→ EXERCISE REQUIREMENTS
Type the data below again exactly. Omit all pictures.

START THE DATA

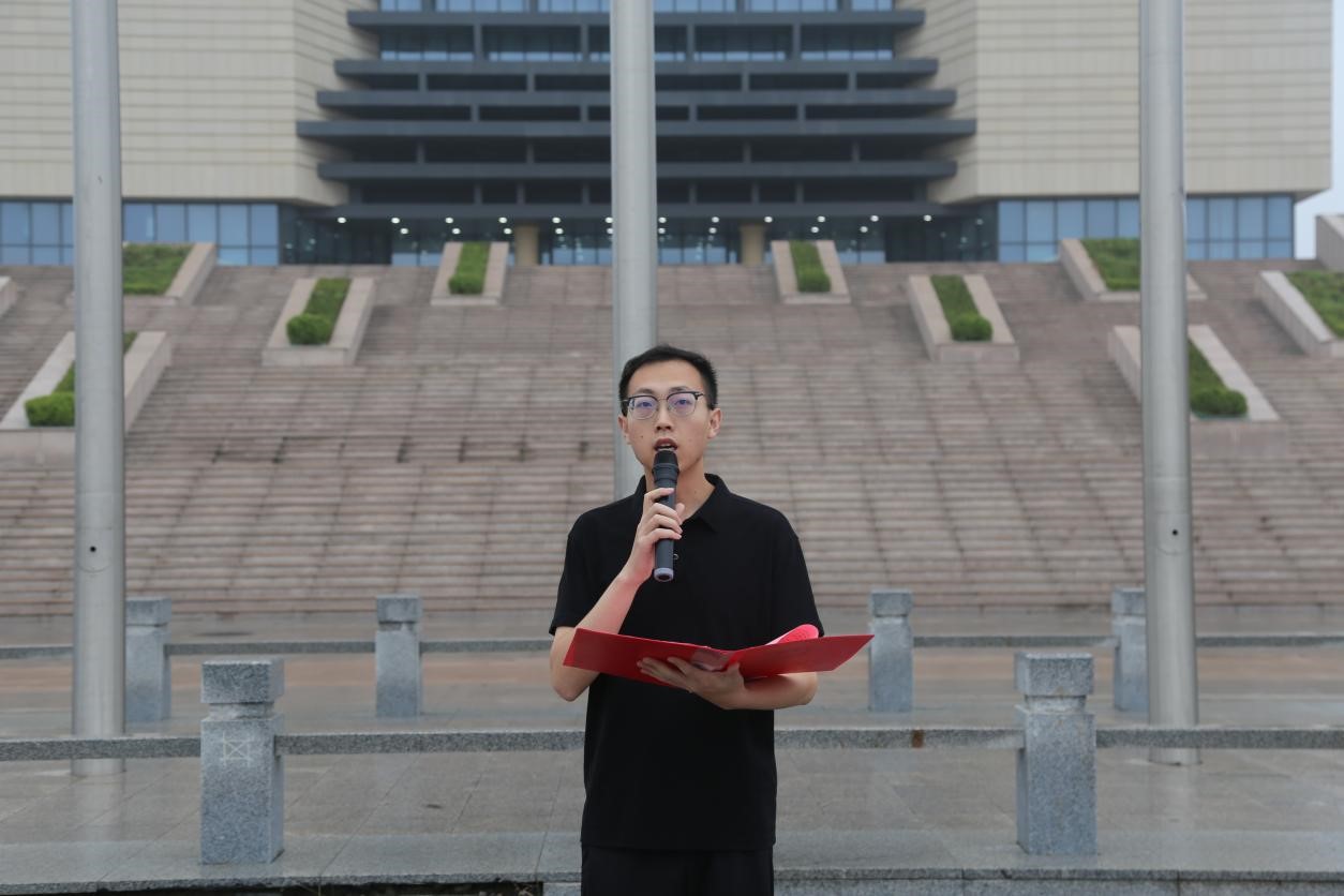 仪式最后,杨瑞宸、李岳铮、张天然、牛乐为全体师生带来了《青春中国》的朗诵,激昂的朗诵声回荡在校园上空,学子们时而深情舒缓,时而慷慨激昂,用声音描绘着青春中国的蓬勃生机,用情感传递着当代青年的使命担当。
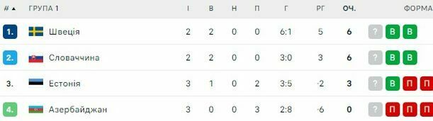 Становище в групі С1: Швеція, Словаччина (по 6 очок), Естонія (3), Азербаджан (0).
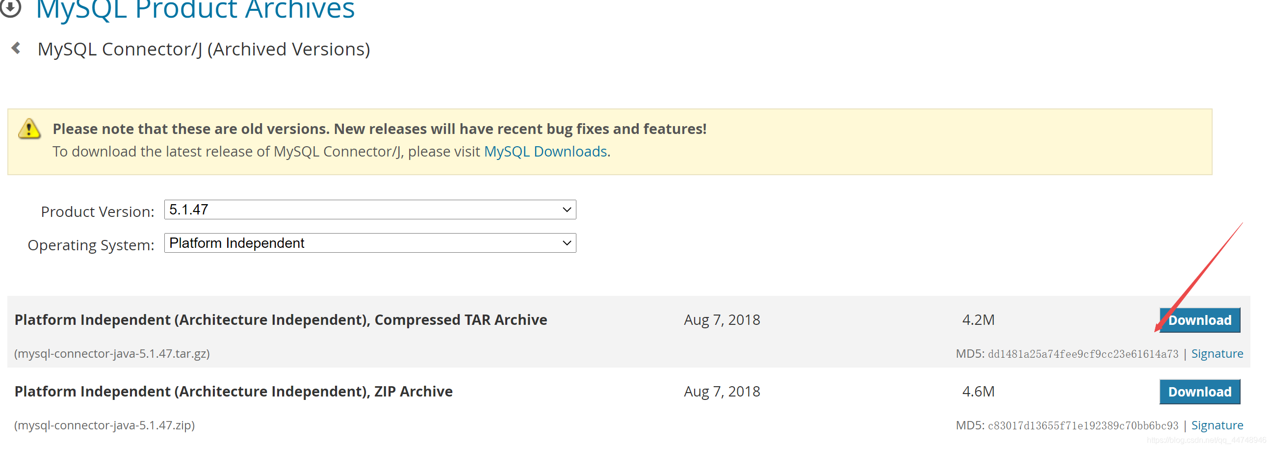 按照自己MySQL的版本进行匹配下载,在这自己的MySQL是5.7.19

END THE DATA

→ WRITTEN ANSWER
 仪式最后,杨瑞宸、李岳铮、张天然、牛乐为全体师生带来了《青春中国》的朗诵,激昂的朗诵声回荡在校园上空,学子们时而深情舒缓,时而慷慨激昂,用声音描绘着青春中国的蓬勃生机,用情感传递着当代青年的使命担当。
 Становище в групі С1: Швеція, Словаччина (по 6 очок), Естонія (3), Азербаджан (0).
 按照自己MySQL的版本进行匹配下载,在这自己的MySQL是5.7.19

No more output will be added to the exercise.